During COVID-19, Nonpayment of Rent Becomes a Huge Issue
As the COVID-19 crisis rolls on, the nonpayment of rent is becoming a critical issue in the multifamily industry. Unemployment numbers are astronomical. Many are waiting to receive government stimulus checks. And renters who struggle to pay their rent because of job loss or other economic hardship may be shielded by eviction moratoriums.
Measures are in place in some areas to protect renters who are having a tough time scraping by. This can mean that even those who have rent money might choose to spend it on something else. Just because renters are capable of paying their landlord doesn’t mean they will. As stay-at-home mandates ease, cooped-up residents may be tempted to spend their money on deferred needs and desires rather than rent.
Eviction bans increase the risk of nonpayment of rent
As more than 30 million Americans filed for unemployment, short-term eviction bans (supported by the National Multifamily Housing Council) were set into place to protect delinquent renters.
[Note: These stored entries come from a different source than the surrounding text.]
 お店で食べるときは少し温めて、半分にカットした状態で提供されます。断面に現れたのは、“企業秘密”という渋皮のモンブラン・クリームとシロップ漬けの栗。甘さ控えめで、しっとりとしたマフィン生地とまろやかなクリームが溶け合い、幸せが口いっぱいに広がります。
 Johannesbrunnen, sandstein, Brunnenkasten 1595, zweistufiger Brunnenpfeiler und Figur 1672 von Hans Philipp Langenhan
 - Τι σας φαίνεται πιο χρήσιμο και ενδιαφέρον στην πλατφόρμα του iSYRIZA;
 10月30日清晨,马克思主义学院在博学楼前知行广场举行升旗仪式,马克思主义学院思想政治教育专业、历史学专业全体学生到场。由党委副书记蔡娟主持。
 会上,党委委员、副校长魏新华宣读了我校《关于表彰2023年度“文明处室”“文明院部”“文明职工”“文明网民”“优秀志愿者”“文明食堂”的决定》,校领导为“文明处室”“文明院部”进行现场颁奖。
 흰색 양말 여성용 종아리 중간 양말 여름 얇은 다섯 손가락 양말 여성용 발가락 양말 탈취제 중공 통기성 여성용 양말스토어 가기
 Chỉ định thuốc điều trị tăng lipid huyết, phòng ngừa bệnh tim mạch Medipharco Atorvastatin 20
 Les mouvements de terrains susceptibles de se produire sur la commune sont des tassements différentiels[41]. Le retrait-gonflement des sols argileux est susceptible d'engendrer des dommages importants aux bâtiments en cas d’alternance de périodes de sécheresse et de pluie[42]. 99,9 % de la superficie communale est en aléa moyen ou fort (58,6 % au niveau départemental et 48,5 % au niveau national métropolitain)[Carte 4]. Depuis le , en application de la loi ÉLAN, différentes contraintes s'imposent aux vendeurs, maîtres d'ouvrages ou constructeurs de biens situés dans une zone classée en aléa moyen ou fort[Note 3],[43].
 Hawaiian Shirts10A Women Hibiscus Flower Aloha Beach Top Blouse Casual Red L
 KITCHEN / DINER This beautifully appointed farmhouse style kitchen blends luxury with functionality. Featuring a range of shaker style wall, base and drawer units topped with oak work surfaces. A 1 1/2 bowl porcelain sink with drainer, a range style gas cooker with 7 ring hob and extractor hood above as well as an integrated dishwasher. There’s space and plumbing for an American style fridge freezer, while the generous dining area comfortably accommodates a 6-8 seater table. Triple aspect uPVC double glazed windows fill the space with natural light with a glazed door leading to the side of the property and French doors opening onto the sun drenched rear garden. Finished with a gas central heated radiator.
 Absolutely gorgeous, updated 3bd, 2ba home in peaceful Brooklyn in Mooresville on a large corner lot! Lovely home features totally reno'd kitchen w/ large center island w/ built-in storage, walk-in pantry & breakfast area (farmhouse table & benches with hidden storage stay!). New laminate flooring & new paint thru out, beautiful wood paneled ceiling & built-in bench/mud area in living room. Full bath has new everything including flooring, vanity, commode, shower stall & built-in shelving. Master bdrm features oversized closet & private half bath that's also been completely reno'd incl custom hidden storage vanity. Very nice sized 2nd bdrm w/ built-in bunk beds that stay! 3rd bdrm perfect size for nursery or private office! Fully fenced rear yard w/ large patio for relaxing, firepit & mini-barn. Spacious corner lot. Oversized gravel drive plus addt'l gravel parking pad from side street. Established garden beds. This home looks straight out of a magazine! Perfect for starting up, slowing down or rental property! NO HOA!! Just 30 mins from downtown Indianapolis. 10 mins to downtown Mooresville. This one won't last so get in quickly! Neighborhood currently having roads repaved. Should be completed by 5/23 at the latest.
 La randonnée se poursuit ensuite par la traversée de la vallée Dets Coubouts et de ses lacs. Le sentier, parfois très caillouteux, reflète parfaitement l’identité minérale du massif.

While April rents fared better than most expected, many industry leaders believe eviction bans will be extended, increasing the risk for apartment communities.
“If renters aren't paying bills but remain at properties for long periods of time, it pushes enormous risk onto apartment owners and managers,” says RealPage Vice President Jay Parsons. “It could potentially lead to apartment owners being unable to pay bills, pay taxes or make payroll.”
With the future uncertain, even new renters moving in now could present problems depending on what happens with COVID-19. And a failed lease typically causes $5,000-$10,000 in financial damage to a property, notes Matt Davis, senior vice president for financial services.
The biggest problem is that unlike three months ago, operators can't offset risk with more revenue. So it’s more important than ever to move in renters who have shown a willingness to pay.